İstanbul’da Gezi Parkı eylemlerinin başladığı 1 Haziran 2013’te Taksim Meydanı’nda bulunanlardan biri de fotoğrafçı Alaattin Timur’du. Timur, fotoğraf çektiği sırada bir polisin attığı biber gazı fişeğiyle sağ bacağından yaralandı. Timur’a, ‘sağ ayak baldır kaval kemiği ön yüzünde diametri üç santimetre olan morarma ve morarmanın tam ortasında 1.5 santimetre doku kaybı’ olduğu yönünde rapor verildi. Timur daha sonra da Türkiye İnsan Hakları Vakfı’ndan aynı yönde bir rapor daha aldı.

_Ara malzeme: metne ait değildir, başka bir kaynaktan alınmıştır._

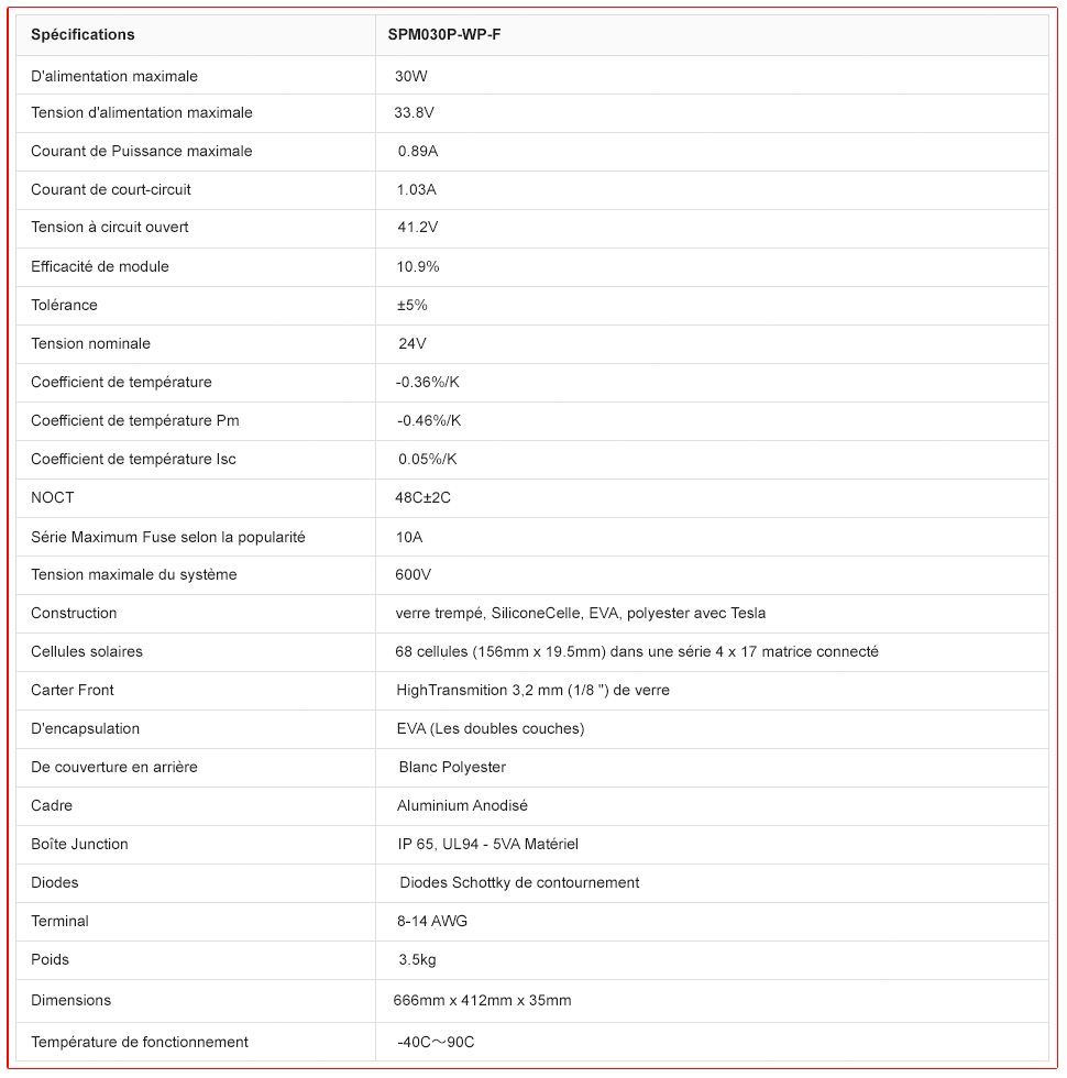 (EVA) avec TPT amortit les cellules solaires à l'intérieur du stratifié et assure les caractéristiques de fonctionnement des piles solaires sous climatique pratiquement toutes les conditions. Cadre rigide en aluminium anodisé et verre à faible fer tempéré.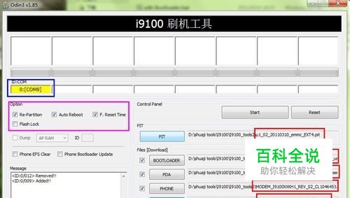 在电脑上操作 运行刷机工具包中的Odin3 v1.85.exe 勾选re-partition、Auto Reboot、F,Reset Time三项; 点击PIT按钮,从刷机工具包中选择u1_02_20110310.....pit; 点击BOOTLOADER从刷机工具包中选择KERNEL.....tar; 点击PDA按钮,从刷机工具包中选择CODE.....tar; 点击PHONE按钮,从刷机工具包中选择MODEM.....tar; 点击CSC按钮,从刷机工具包中选择GT-I9100-CSC.....tar; 将手机连接至电脑,如图蓝色圈选位置变成黄色的才表示电脑连接手机成功,如果没有没变黄请重新插拔USB数据线; 确认手机连接成功后,点击Start,等待完成,出现下图说明刷机成功,手机会自动重启并开机,之后关闭电脑上的Odin刷机工具。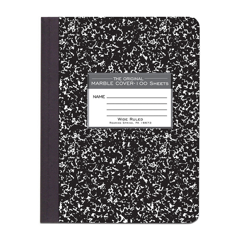 Anota tus notas en este cuaderno de composición con encuadernación permanente. El papel es liso de 15 lb con líneas azules de renglón ancho y margen rojo. Las tapas son de pizarra blanca dura con el tradicional diseño de mármol negro. El interior de las tapas incluye el horario de clases y otra información útil. Cada cuaderno está cosido al centro y encuadernado con cinta adhesiva; no está diseñado para arrancar hojas. El tamaño de las hojas es de 9,75" x 7,5" y cada cuaderno contiene 100 hojas. ¡Hecho con orgullo en EE. UU.!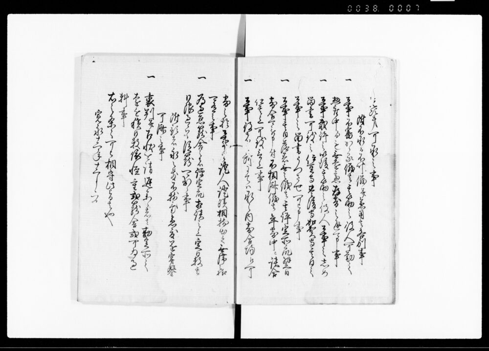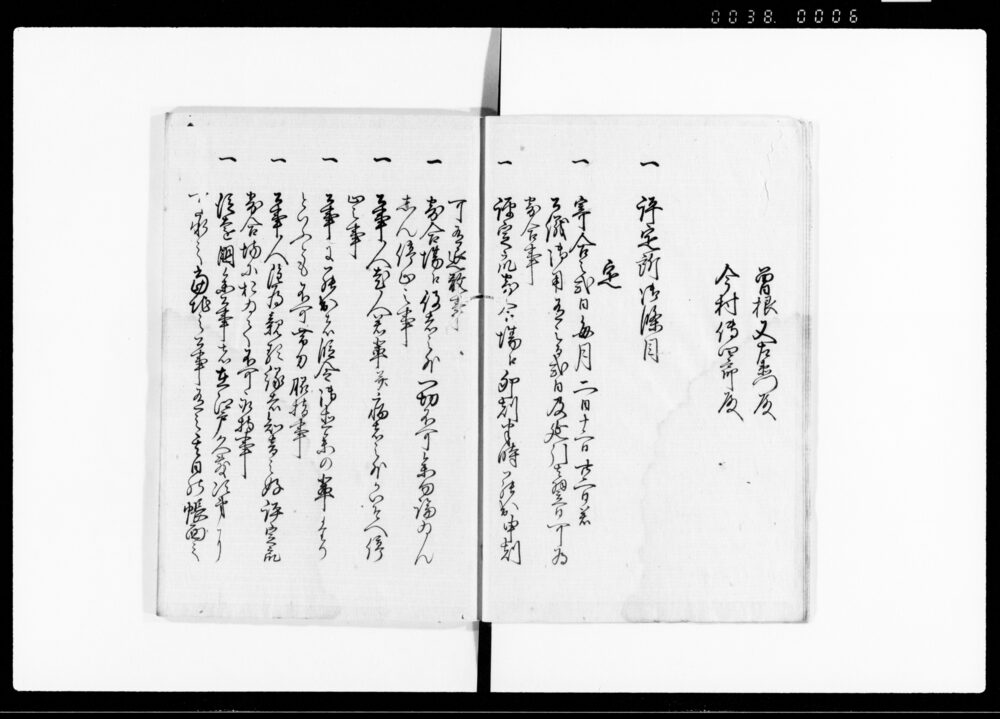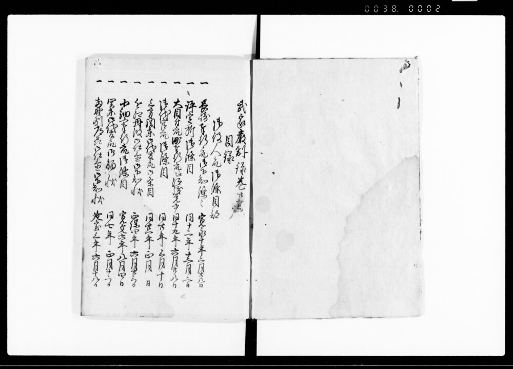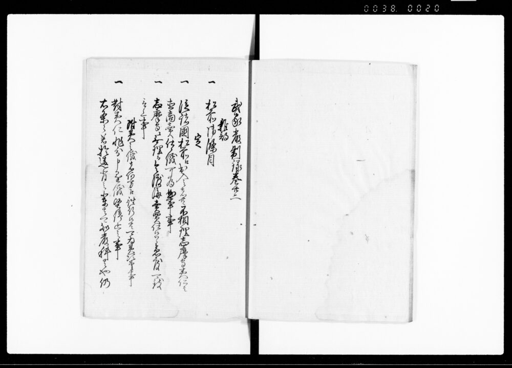 | 5 | ![]() | 90376055 | 武家厳制録 巻37 Buke Genseiroku Vol. 37 (Hand-copied Book of Laws) | [江戸時代] 17~19世紀 | 23.3cm x 16.7cm |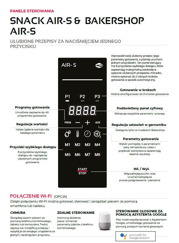- Piec posiada 2 tryby gotowania: Konwekcja (od 30 °C do 260 °C)/Mieszany: konwekcja + para (od 30 °C do 260 °C)
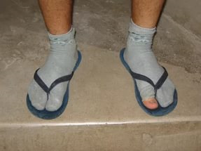 Ну и конечно же не стоит забывать о привыкаемости к определенным вещам. В штатах гораздо проще относятся к тому, что люди носят [примерно как и у нас в глубинке ;) ], и к такой форме обуви тоже относятся проще, просто потому, что она привычна. У меня, например, еще недавно туфли на голую мужскую ногу вызывали отторжение, а сейчас я уже сам подумываю о таких вариантах (для коротких прогулок). И вполне возможно когда-нибудь меня перестанет тошнить от штанов с низкой "мотней" и выглядывающими сверху семейниками Ж:-/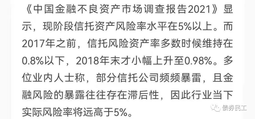 不只是融資類信托產品的規模在下降,信托資產風險率水平也在提高。根據《中國金融不良資產市場調查情況報告》的統計數據,2017年之前信托資產風險率維持在0.8%以內,但是現在信托行業的實際風險率將遠高于5%。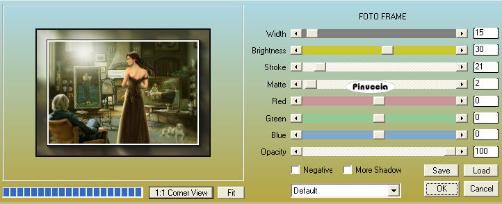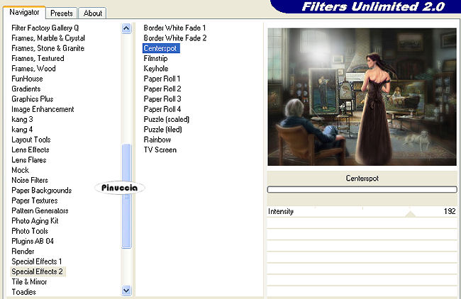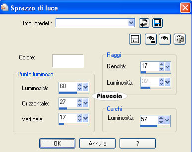 qui puoi trovare qualche risposta ai tuoi dubbi. Se l'argomento che ti interessa non è presente, ti prego di segnalarmelo. Per tradurre questo tutorial ho usato PSP X. Occorrente: Materiale qui Filtri: Filters Unlimited qui Adjust - Variations qui AAAmultifilter qui ![]() Apri una nuova immagine trasparente 750 x 550 pixels. Selezione>Seleziona tutto. Apri l'immagine studio_inthe.jpg e vai a Modifica>copia. Torna al tuo lavoro e vai a Modifica>Incolla nella selezione. Selezione>Deseleziona. Regola>Messa a fuoco>Accentua messa a fuoco. Regola>Rimozione disturbo in un passaggio. Effetti>Effetti di illuminazione>Sprazzo di luce: ![]() Apri il tube GG08~ManInChair_001.psp, e vai a Modifica>copia. Torna al tuo lavoro e vai a Modifica>Incolla come nuovo livello. Spostalo in basso a sinistra.Apri il tube ayanna_vf.psp e vai a Modifica>copia. Torna al tuo lavoro e vai a Modifica>Incolla come nuovo livello. Immagine>Ridimensiona, al 75%, tutti i livelli non selezionato. Immagine>Rifletti. Spostalo al centro - vedi il mio esempio.![]() Livelli>Unisci>Unisci visibile. Effetti>Plugins>Filters Unlimited - Special Effects 2 - Centerspot: ![]() Effetti>Plugins>Adjust - Variations - clicca una volta More Yellow e ok. Effetti>Plugins>AAA Frames - Foto Frame: ![]() Aggiungi il tuo nome e/o il tuo watermark e salva in formato jpg. Se hai problemi o dubbi, o trovi un link non funzionante, o anche soltanto per un saluto, scrivimi.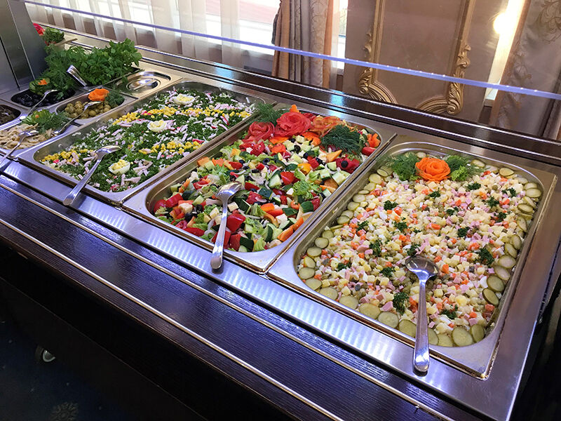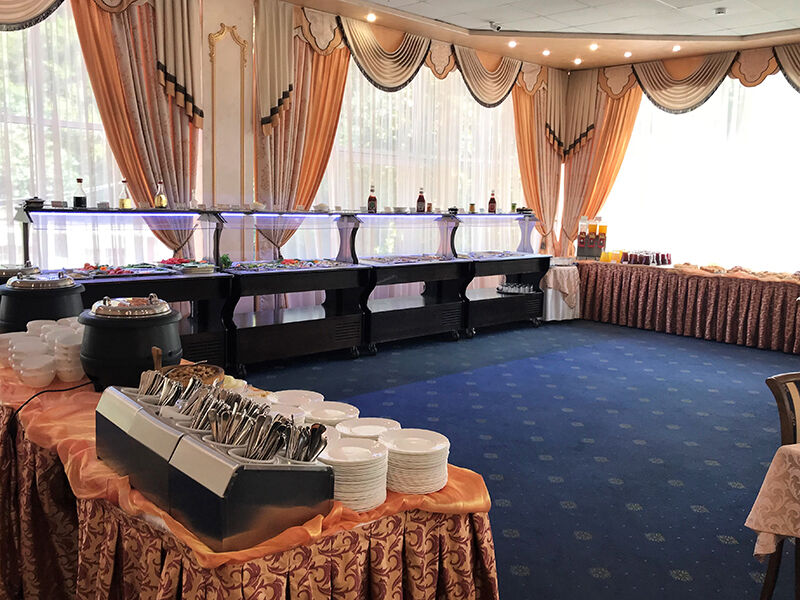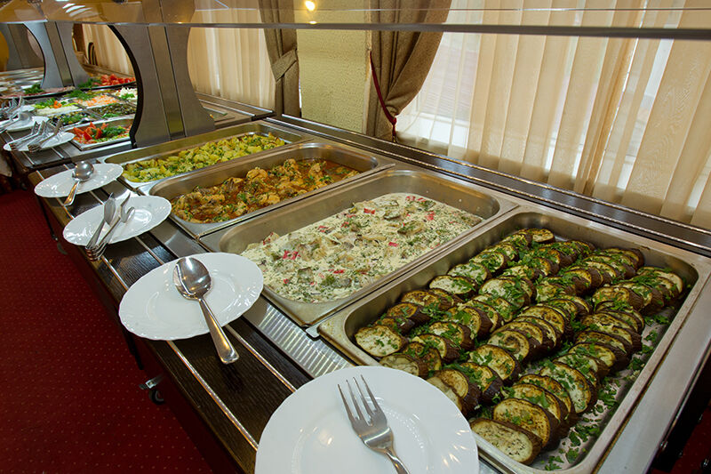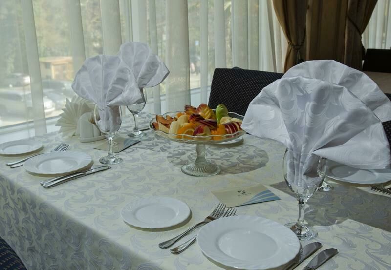 В высокий сезон на выбор отдыхающих предлагается трех- или двухразовый «шведский стол». В пансионате можно воспользоваться лобби-баром и летним кафе.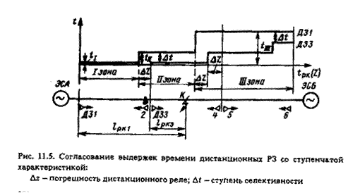 На ЛЭП с двусторонним питанием ДЗ устанавливаются с обеих сторон каждой ЛЭП и должны действовать при направлении мощности от шин в ЛЭП. Дистанционные РЗ, действующие при одном направлении мощности, необходимо согласовать между собой по времени и по зоне действия так, чтобы обеспечивалось селективное отключение КЗ. В рассматриваемой схеме (рис.11.5) согласуются между собой ДЗ1, ДЗ3, ДЗ5 и ДЗ6, ДЗ4, ДЗ2.

Avukat Kazım Erkut Güzel de, dönemin Başbakanı Recep Tayyip Erdoğan , İçişleri Bakanı Muammer Güler, İstanbul Valisi Hüseyin Avni Mutlu ve İl Emniyet Müdürü Hüseyin Çapkın ile ilgili polisler hakkında suç duyurusunda bulundu. İçişleri Bakanlığı ise Mutlu ve Çapkın’la ilgili şikayeti, ‘eylemleri bir soruşturmayı gerektirmeyecek nitelikte olduğu’ için işleme koymadı. Avukat Güzel’in yaptığı itiraz ise Danıştay 1. Dairesi tarafından reddedildi. Güzel de davayı Anayasa Mahkemesi’ne taşıdı. Başvuruda İçişleri Bakanlığı’nın adil yargılanma hakkını engellediği, Danıştay’ın şüpheli kamu görevlilerini koruyucu tarzda hareket ederek, gerekçe belirtmeksizin itirazı reddettiği belirtilerek, şöyle denildi:

“Müvekkil bedeni olarak zarar gördüğü gibi aslen ruhen zedelenmiştir. Yargıya olan inancını kaybetmiş devletin vatandaşların sağlığını korumada kamu görevlilerince yapılan suçlarda çifte standart uyguladığına bizzat mağdur olarak şahit olmuştur. Öncelikle müvekkilin işkence yasağına giren vücut bütünlüğünün şüphelilerin bizzat emriyle bozulduğunun, şüphelilerin İçişleri Bakanlığı’nın verdiği kararla ayrıcalıklı sayılarak korunduğunun, müvekkilin etkin bir yargı yoluna başvurma hakkının kısıtlandığının tespitini ve ifadeleri bile alınmayan Mutlu ve Çapkın hakkında soruşturma kararı verilmesini talep ederiz.”